Cecil Ard, a former Hoke County sheriff’s deputy, was among the law enforcement members involved from the outset.
“I went out there early, it was 7:30-8:00 o’clock-ish, that morning when she disappeared,” he recounted to The Daily Beast. “I went down to Ryan McBryde [Road] that morning, and as we made a left, we started seeing, I think it was a book bag and then a shoe in the ditch, and then more articles [of clothing] as we went down the road.”
The very same green overalls Brittany had adorned just over an hour earlier were discovered shortly after the backpack, along with her Pocahontas shoes.
Following this grim revelation, law enforcement mobilized comprehensively. Sheriff Wayne Byrd requisitioned a small plane to scour the back roads, state police deployed a helicopter, and deputies distributed flyers featuring Brittany’s photo, concentrating efforts on the locations where her belongings were discovered.
As hundreds of volunteers and deputies scoured for Brittany, the day concluded on a hopeful note, defying all odds: “We are assuming and hoping that she is alive,” Byrd expressed.
The Discovery
The desperate search for Brittany persisted into a second day, with investigators gathering any available clues. The only information at their disposal was that her abductor was seemingly a white or light-skinned man, driving a brown pickup truck, and Brittany exhibited no signs of resistance.
However, the bewildering aspect was how such a brazen abduction transpired so swiftly—and why the culprit targeted such a remote, secluded area, far from the usual routes. By the day's end, the abduction itself would be overshadowed by a more horrifying revelation.
“I stayed out there all night and blocked off the 401 that went into Ryan McBryde,” Ard recalled. Distressed at the thought of 5-year-old Brittany alone in the cold, especially with a baby daughter at home, Ard soon grasped a haunting reality—Brittany had been concealed right under the deputies' noses the entire time.
It dawned on them once the rain ceased, allowing water along the roads to recede.
“There were a group of guys going up the ditch, and I was trailing behind them a bit, and the water had gone down, and there was a culvert there, and [the one guy] looked back and went, ‘Huh,’ and hopped off in the water and leaned over and looked down, and I watched every bit of color and life drain out of his face,” Ard recounted.

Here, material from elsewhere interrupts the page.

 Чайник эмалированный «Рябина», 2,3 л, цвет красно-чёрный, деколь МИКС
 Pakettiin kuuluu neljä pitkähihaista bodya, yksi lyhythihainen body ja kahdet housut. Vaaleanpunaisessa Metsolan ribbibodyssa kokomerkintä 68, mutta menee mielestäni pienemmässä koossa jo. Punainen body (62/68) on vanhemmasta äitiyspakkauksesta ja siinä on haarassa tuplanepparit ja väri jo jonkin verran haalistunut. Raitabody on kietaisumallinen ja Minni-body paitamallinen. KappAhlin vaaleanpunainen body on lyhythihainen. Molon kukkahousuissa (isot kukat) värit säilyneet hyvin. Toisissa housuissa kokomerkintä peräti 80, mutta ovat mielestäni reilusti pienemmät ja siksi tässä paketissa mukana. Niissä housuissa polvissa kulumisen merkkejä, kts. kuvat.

Brittany had been placed inside the drainage pipe, submerged in rising water.
“I still, from time to time, can kind of see her feet coming out of the pipe,” Ard said, averting his gaze as soon as he "started seeing feet."
“From what I remember, it looked like she was face down with no clothes on. Like she had been held in the water and then slid into the pipe when it was over, face down in the water.”

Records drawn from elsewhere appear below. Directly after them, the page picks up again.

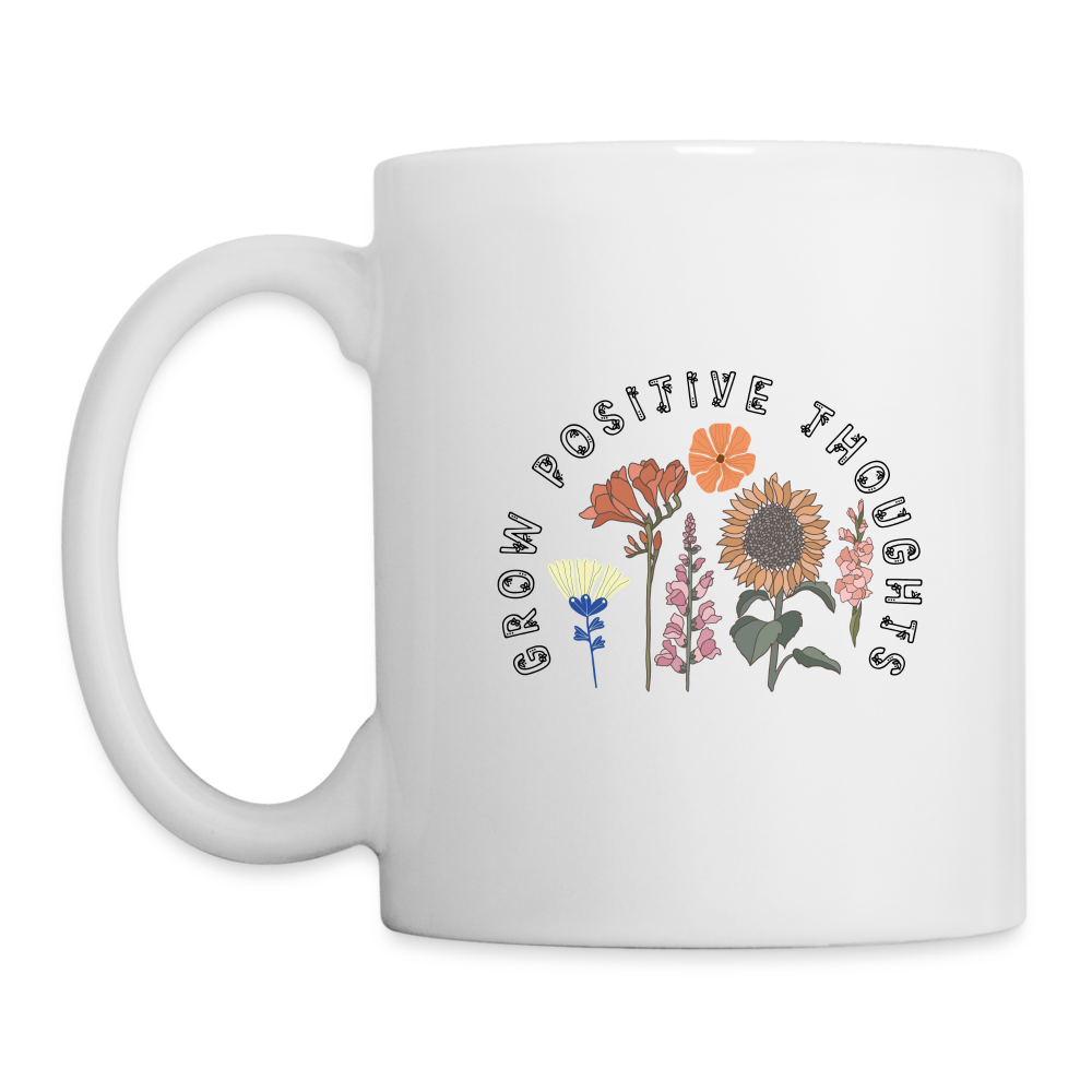 Introducing the "Grow Positive Thoughts Coffee Mug" - a beautiful and inspiring way to start your day with a dose of positivity. This coffee mug features the uplifting message "Grow Positive Thoughts" alongside an array of vibrant flowers, symbolizing the nurturing of a positive mindset. Crafted for both style and function, this mug is perfect for sipping your favorite brew while embracing the power of positive thinking. It resonates with those who appreciate the beauty of optimism, creating a sense of shared inspiration. Elevate your coffee routine and cultivate positivity with our "Grow Positive Thoughts Coffee Mug."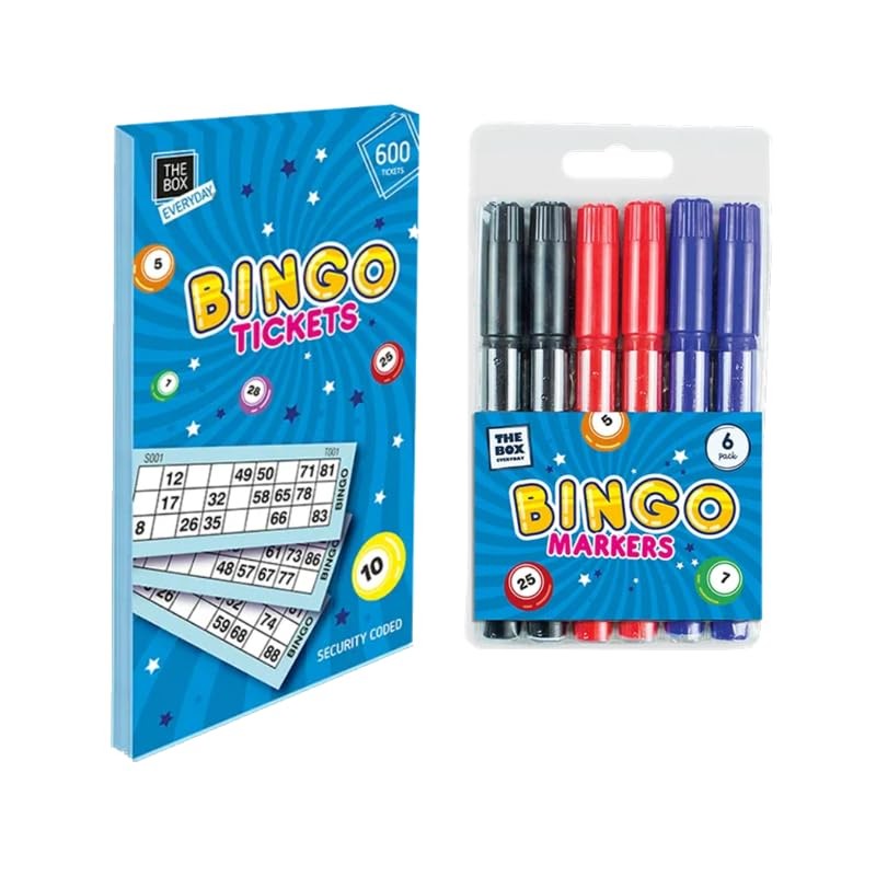 - Book of 600 bingo tickets plus 6 pack of bingo markers included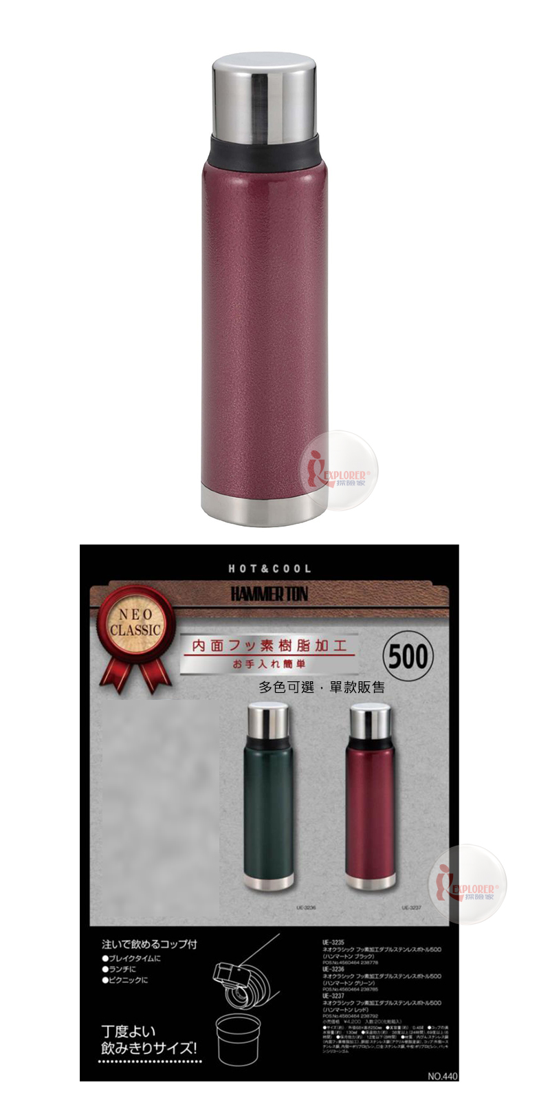 UE-3237 CAPTAIN STAG 日本鹿牌不鏽鋼真空斷熱保溫瓶500ML(紅) 保溫杯保溫壺
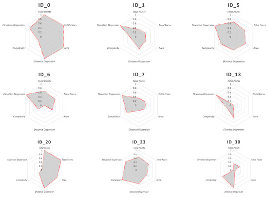 Comparative graphical representation of the attributes for each sculpture. The attribute values were normalized to a 0–1 scale.
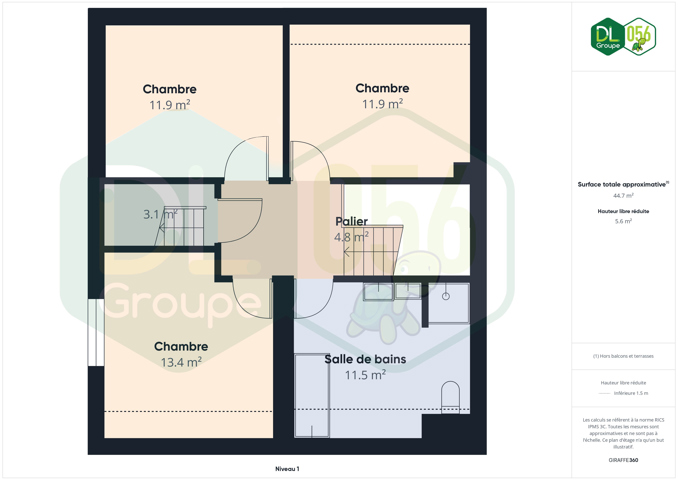 Au 2e étage: Grenier entièrement isolé et aménagé en une 4e chambre, accessible via un escalier fixe situé sur le hall de nuit.

The exact location where Ard had stopped his car that morning, just about three miles from her home, was where Brittany was found.

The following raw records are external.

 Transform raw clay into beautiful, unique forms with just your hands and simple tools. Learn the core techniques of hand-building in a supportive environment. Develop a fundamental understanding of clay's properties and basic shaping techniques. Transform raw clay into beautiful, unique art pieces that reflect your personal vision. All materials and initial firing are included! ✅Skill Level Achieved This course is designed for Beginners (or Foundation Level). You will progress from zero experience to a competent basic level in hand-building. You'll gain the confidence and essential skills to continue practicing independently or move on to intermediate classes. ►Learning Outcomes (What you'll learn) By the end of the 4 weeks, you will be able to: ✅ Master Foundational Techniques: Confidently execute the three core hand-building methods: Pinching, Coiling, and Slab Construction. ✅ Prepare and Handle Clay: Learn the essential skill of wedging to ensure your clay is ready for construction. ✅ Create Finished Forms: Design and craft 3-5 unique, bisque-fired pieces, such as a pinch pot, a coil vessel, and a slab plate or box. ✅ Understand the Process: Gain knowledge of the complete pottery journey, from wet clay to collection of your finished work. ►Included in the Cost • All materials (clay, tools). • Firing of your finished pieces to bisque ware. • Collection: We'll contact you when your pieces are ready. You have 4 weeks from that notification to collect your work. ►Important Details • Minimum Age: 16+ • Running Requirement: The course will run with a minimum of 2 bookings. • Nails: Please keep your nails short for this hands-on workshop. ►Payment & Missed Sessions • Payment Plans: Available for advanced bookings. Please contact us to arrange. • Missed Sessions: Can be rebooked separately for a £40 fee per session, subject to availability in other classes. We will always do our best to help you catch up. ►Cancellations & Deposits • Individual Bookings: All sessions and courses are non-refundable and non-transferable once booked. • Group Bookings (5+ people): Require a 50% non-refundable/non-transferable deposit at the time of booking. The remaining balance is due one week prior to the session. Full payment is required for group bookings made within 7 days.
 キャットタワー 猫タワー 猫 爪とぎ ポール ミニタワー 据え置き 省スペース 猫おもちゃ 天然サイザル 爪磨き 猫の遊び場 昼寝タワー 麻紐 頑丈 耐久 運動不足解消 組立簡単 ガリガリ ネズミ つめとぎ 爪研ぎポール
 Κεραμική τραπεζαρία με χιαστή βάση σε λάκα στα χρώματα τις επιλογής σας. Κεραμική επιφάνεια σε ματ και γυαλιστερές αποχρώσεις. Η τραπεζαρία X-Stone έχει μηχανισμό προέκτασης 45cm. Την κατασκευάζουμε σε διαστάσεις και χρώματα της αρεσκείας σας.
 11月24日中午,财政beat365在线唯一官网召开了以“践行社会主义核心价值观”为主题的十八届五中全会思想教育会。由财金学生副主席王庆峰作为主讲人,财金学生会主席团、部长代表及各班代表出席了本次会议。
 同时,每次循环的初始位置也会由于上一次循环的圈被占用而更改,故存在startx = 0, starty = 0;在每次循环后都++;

“That has always bothered me that she stayed out in the cold for 30-something hours, and I was within a foot of her and didn’t know it,” he confessed, haunted by her solitary presence "out there by herself in the cold, in the water.”
Investigators later determined that the drainage pipe was the primary crime scene, where the perpetrator had taken her directly.
As Sheriff Byrd disclosed at a press conference two days later, an autopsy revealed she’d been subjected to sexual assault.
“I think within a half an hour, it was done. I think he went straight to that spot, he knew where he was going, he went straight there, he did what he was going to do, and was gone in no time,” Ard surmised.
Deputies, still reeling from the events, were confronted with the heartbreaking reality when Sheriff Byrd announced, “It’s sad news that I bring. I was hoping it would be a live body, but it’s a lifeless body.”